### Exercise materials

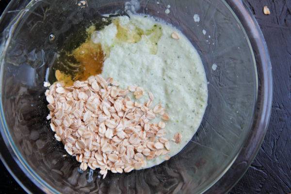 - Добавляйте в смесь овсяную муку (или измельченные до состояния муки хлопья) до тех пор, пока масса не станет достаточно вязкой и густой.
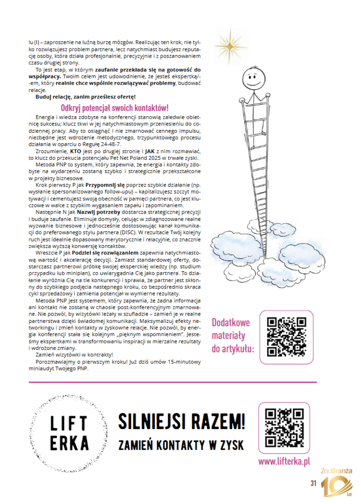 Pet Net Poland 2025 już za nami! Przyszedł czas na działanie i zamianę kontaktów w kontrakty. Sprawdź jak dzięki metodzie PNP – Przypomnij się, Nazwij potrzeby, Podziel się rozwiązaniem nawiążesz trwałe i lojalne partnerstwa.
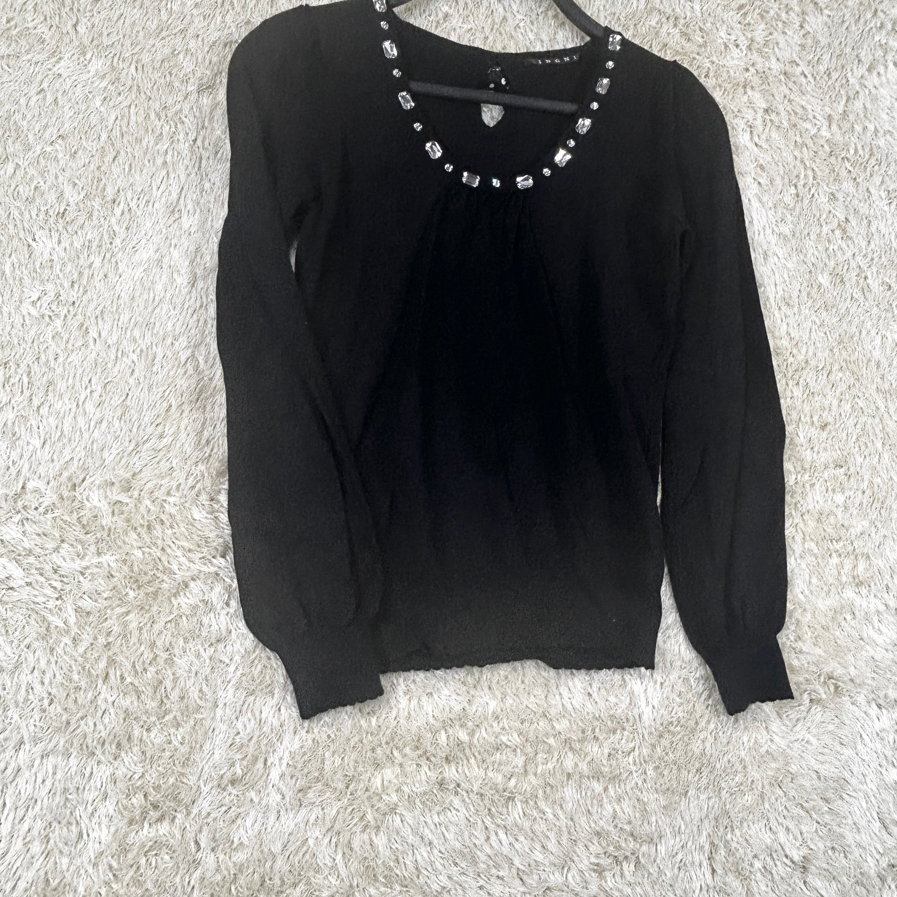 INGNI ビジュー付 長袖ニット 黒 ドットリボン Mサイズ
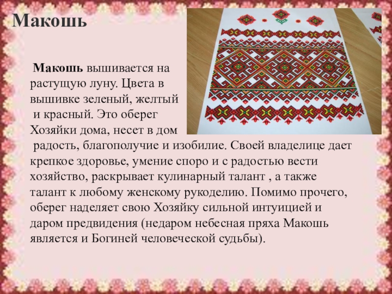 радость, благополучие и изобилие. Своей владелице дает крепкое здоровье, умение споро и с радостью вести хозяйство, раскрывает кулинарный талант , а также талант к любому женскому рукоделию. Помимо прочего, оберег наделяет свою Хозяйку сильной интуицией и даром предвидения (недаром небесная пряха Макошь является и Богиней человеческой судьбы).
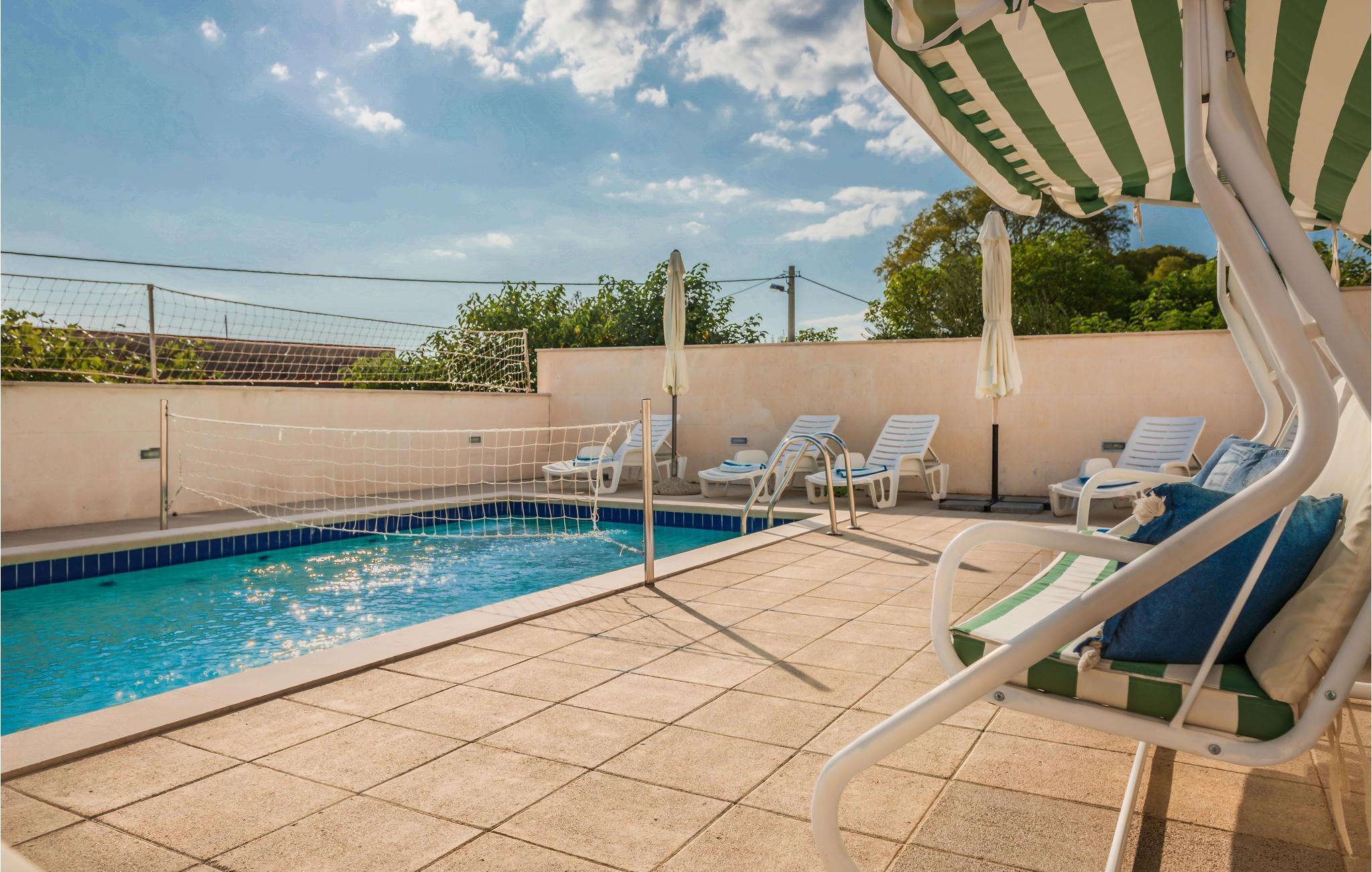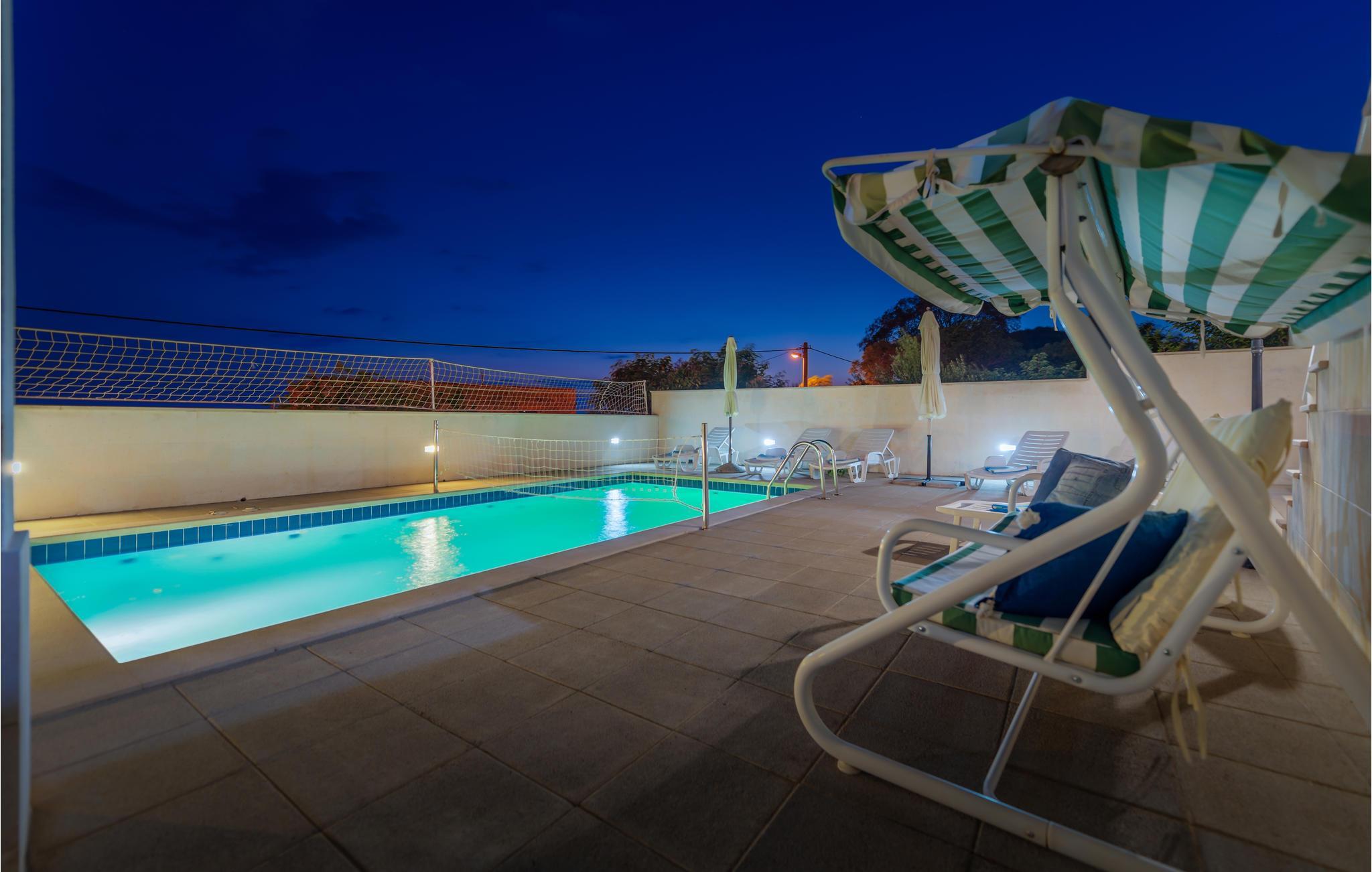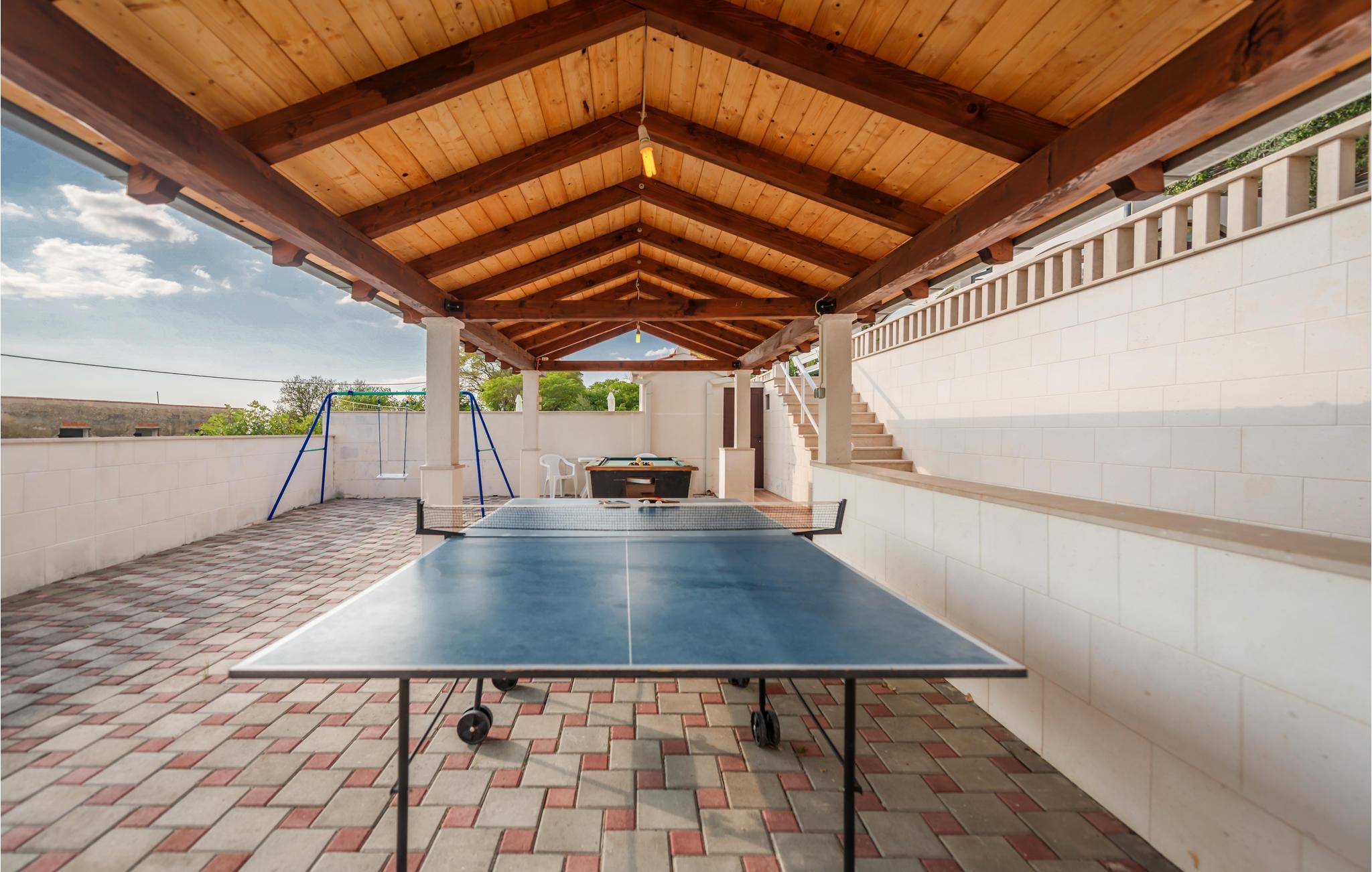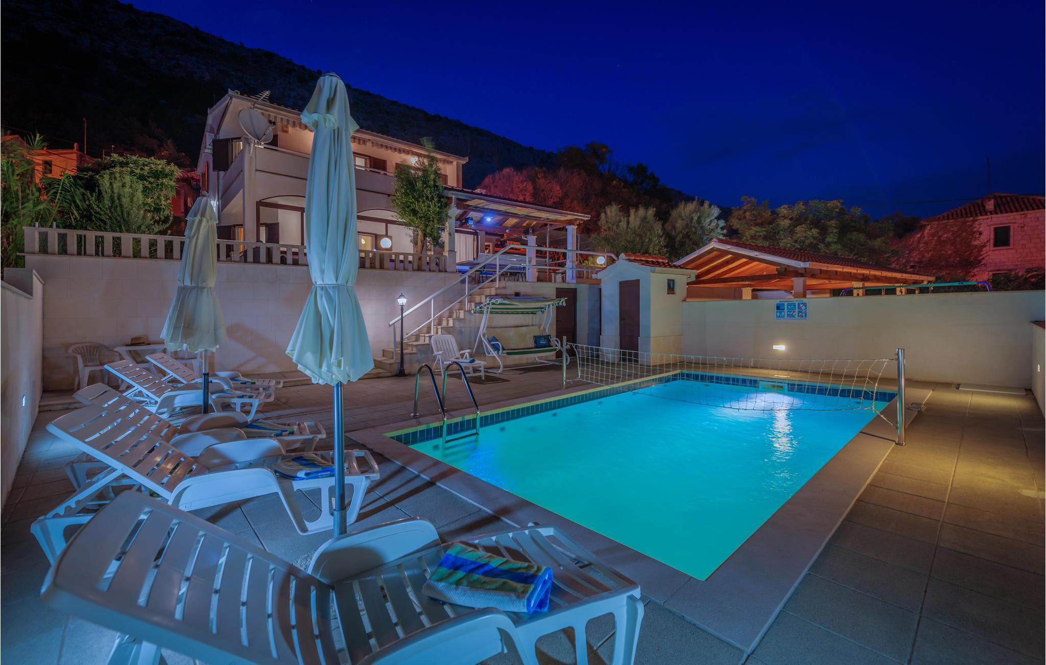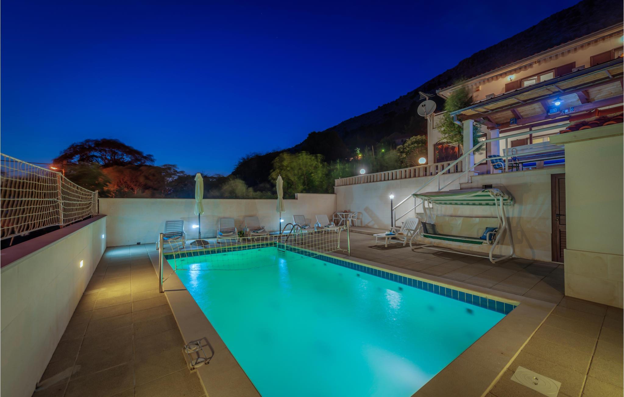 Dieses schöne und gut eingerichtete Ferienhaus auf einem eingezäunten Gründstück liegt am Fuße des Berges Mosor, an der Riviera von Omis. Das Haus ist sehr ansprechend möbliert und komfortabel eingerichtet. Nicht nur Familien mit Kinder werden sich hier wohlfühlen, denn hier wird eine Menge an Unterhaltungsmöglichkeiten geboten: Tischtennis, Billards, 2 Fahrräder und das typische dalmatinische Spiel 'Balote', eine kroatische Form des Boccia. Ihre Kondition verbessern können Sie auf dem Trimmrad. Im Swimmingpool, der abends auch beleuchtet ist, können Sie in romantischen Abendstunden ein erfrischendes Bad genießen. Von Balkon und Poolterrasse eröffnet sich ein traumhafter Blick auf die umliegende Küstenlandschaft, ein Ferienort par excellence. In der Gegend finden Sie ein vielfältiges gastronomisches Angebot. Die Lage ermöglicht Ausflüge in die Umgebung, somit brauchen Sie für die Fahrt nach Split 20 Minuten, zum Flughafen Split 40min., zum Fährhafen 25 min., Makarska ist 30 Minuten entfernt, Dubrovnik 150 Minuten.

######

## Required work
Write out the entries above word for word. Do not include the pictures.

## Answer to the problem
 - Добавляйте в смесь овсяную муку (или измельченные до состояния муки хлопья) до тех пор, пока масса не станет достаточно вязкой и густой.
 Pet Net Poland 2025 już za nami! Przyszedł czas na działanie i zamianę kontaktów w kontrakty. Sprawdź jak dzięki metodzie PNP – Przypomnij się, Nazwij potrzeby, Podziel się rozwiązaniem nawiążesz trwałe i lojalne partnerstwa.
 INGNI ビジュー付 長袖ニット 黒 ドットリボン Mサイズ
 радость, благополучие и изобилие. Своей владелице дает крепкое здоровье, умение споро и с радостью вести хозяйство, раскрывает кулинарный талант , а также талант к любому женскому рукоделию. Помимо прочего, оберег наделяет свою Хозяйку сильной интуицией и даром предвидения (недаром небесная пряха Макошь является и Богиней человеческой судьбы).
 Dieses schöne und gut eingerichtete Ferienhaus auf einem eingezäunten Gründstück liegt am Fuße des Berges Mosor, an der Riviera von Omis. Das Haus ist sehr ansprechend möbliert und komfortabel eingerichtet. Nicht nur Familien mit Kinder werden sich hier wohlfühlen, denn hier wird eine Menge an Unterhaltungsmöglichkeiten geboten: Tischtennis, Billards, 2 Fahrräder und das typische dalmatinische Spiel 'Balote', eine kroatische Form des Boccia. Ihre Kondition verbessern können Sie auf dem Trimmrad. Im Swimmingpool, der abends auch beleuchtet ist, können Sie in romantischen Abendstunden ein erfrischendes Bad genießen. Von Balkon und Poolterrasse eröffnet sich ein traumhafter Blick auf die umliegende Küstenlandschaft, ein Ferienort par excellence. In der Gegend finden Sie ein vielfältiges gastronomisches Angebot. Die Lage ermöglicht Ausflüge in die Umgebung, somit brauchen Sie für die Fahrt nach Split 20 Minuten, zum Flughafen Split 40min., zum Fährhafen 25 min., Makarska ist 30 Minuten entfernt, Dubrovnik 150 Minuten.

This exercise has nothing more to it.